_Working data_

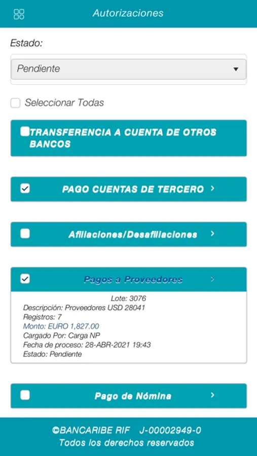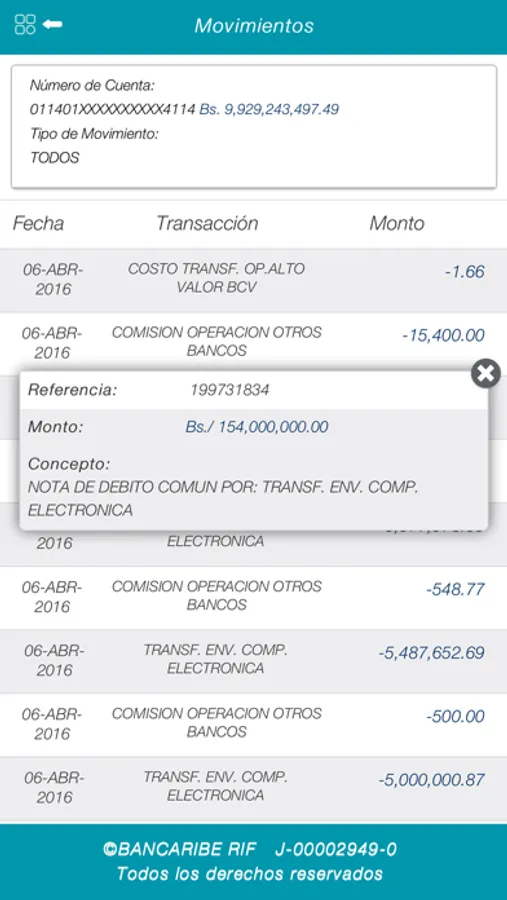 o Transferencias a cuentas propias y a terceros en Bancaribe.
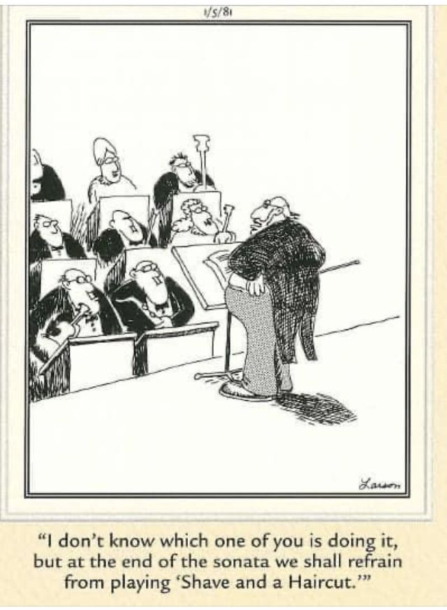 In the middle of a serious concert, someone sneaks in “Shave and a Haircut” — and the conductor has HAD IT. A brilliant jab at how even high society has trouble resisting dumb jokes.
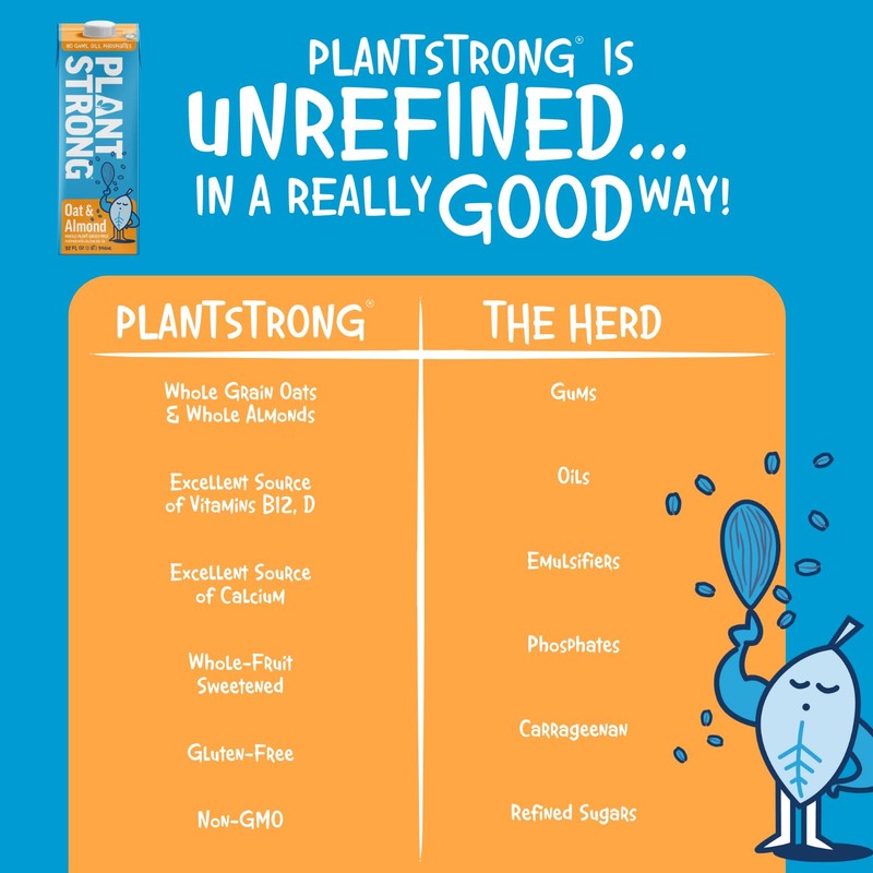 PLANTSTRONG Oat & Almond Milk 32oz (6 Pack) - NON-GMO - Plant Based, Vegan - Gluten Free Dairy Free - Shelf Stable - Lactose Free Milk - No Gums or Oils
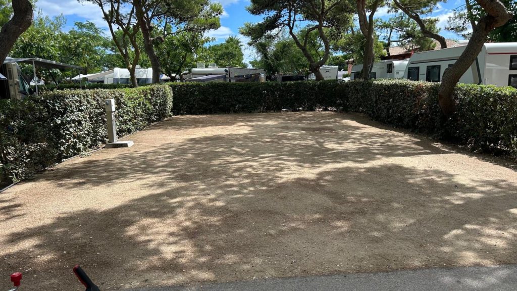 Ein eigener Strom- und Wasseranschluss ist vorhanden. Der Boden besteht aus einer Mischung aus Steinen, Sand und Erde, was sehr fest ist, aber in trockenen Perioden etwas staubt. Die Parzellen sind durch Hecken getrennt, die Windschutz bieten und gleichzeitig Privatsphäre gewährleisten. In den Hecken stehen auch Pinien, perfekt, um Hängematten, Wäscheleinen oder Lichterketten aufzuhängen.
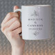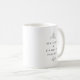 O design elegante da caneca de café de casamento em preto e branco apresenta os nomes do casal e a data do evento em uma bela fonte serifada clássica em preto sofisticado sobre um fundo branco crocante. A composição tradicional fresca é adornada com folhas botânicas decorativas. O design se repete para que seja visível quando segurado em qualquer das mãos. Todas as cores deste design podem ser personalizadas. Envie um e-mail para invitationsuites@gmail.com com perguntas ou solicitações de cores personalizadas.
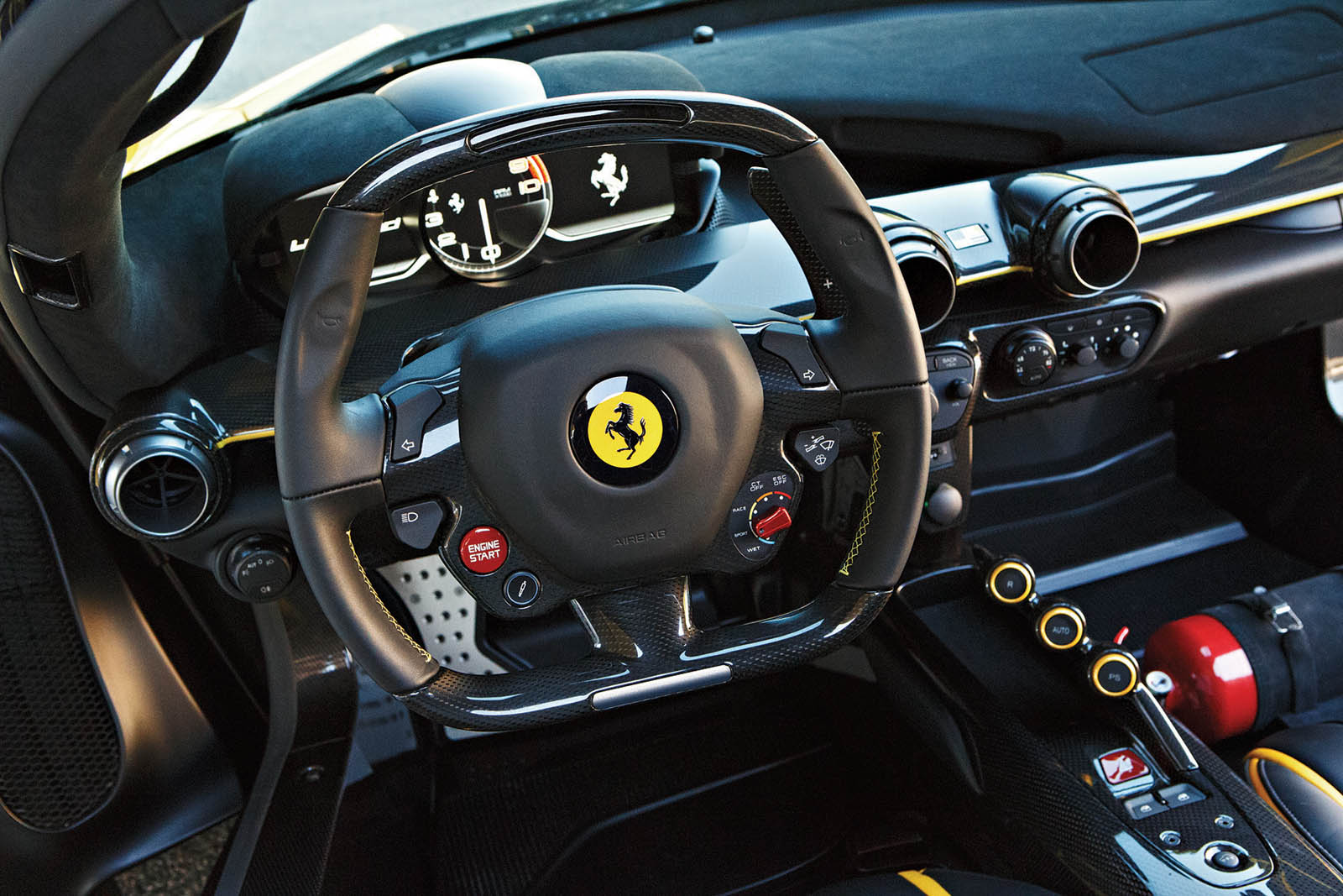 While the vast majority of LaFerraris appear to have left the factory in classic Rosso Corsa, a handful were ordered in other colors. Like this one, which was special-ordered in Giallo Triplo Strato.
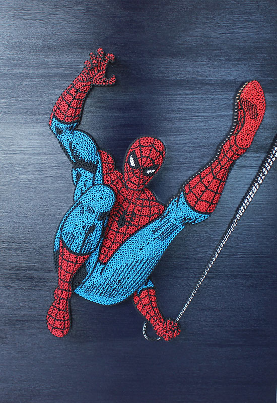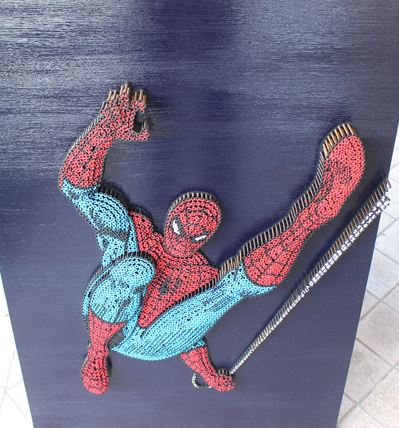 L’originalità di questo lavoro è  l’effetto tridimensionale che si ottiene avvitando delle comunissime viti in varie profondità che dipingendoci sopra si trasforma in un’opera scultorea e pittorica contemporanea.

_Problem details_
Print the whole listing exactly, please, and keep any images out of it.

_Solution to the exercise_
 o Transferencias a cuentas propias y a terceros en Bancaribe.
 In the middle of a serious concert, someone sneaks in “Shave and a Haircut” — and the conductor has HAD IT. A brilliant jab at how even high society has trouble resisting dumb jokes.
 PLANTSTRONG Oat & Almond Milk 32oz (6 Pack) - NON-GMO - Plant Based, Vegan - Gluten Free Dairy Free - Shelf Stable - Lactose Free Milk - No Gums or Oils
 Ein eigener Strom- und Wasseranschluss ist vorhanden. Der Boden besteht aus einer Mischung aus Steinen, Sand und Erde, was sehr fest ist, aber in trockenen Perioden etwas staubt. Die Parzellen sind durch Hecken getrennt, die Windschutz bieten und gleichzeitig Privatsphäre gewährleisten. In den Hecken stehen auch Pinien, perfekt, um Hängematten, Wäscheleinen oder Lichterketten aufzuhängen.
 O design elegante da caneca de café de casamento em preto e branco apresenta os nomes do casal e a data do evento em uma bela fonte serifada clássica em preto sofisticado sobre um fundo branco crocante. A composição tradicional fresca é adornada com folhas botânicas decorativas. O design se repete para que seja visível quando segurado em qualquer das mãos. Todas as cores deste design podem ser personalizadas. Envie um e-mail para invitationsuites@gmail.com com perguntas ou solicitações de cores personalizadas.
 While the vast majority of LaFerraris appear to have left the factory in classic Rosso Corsa, a handful were ordered in other colors. Like this one, which was special-ordered in Giallo Triplo Strato.
 L’originalità di questo lavoro è  l’effetto tridimensionale che si ottiene avvitando delle comunissime viti in varie profondità che dipingendoci sopra si trasforma in un’opera scultorea e pittorica contemporanea.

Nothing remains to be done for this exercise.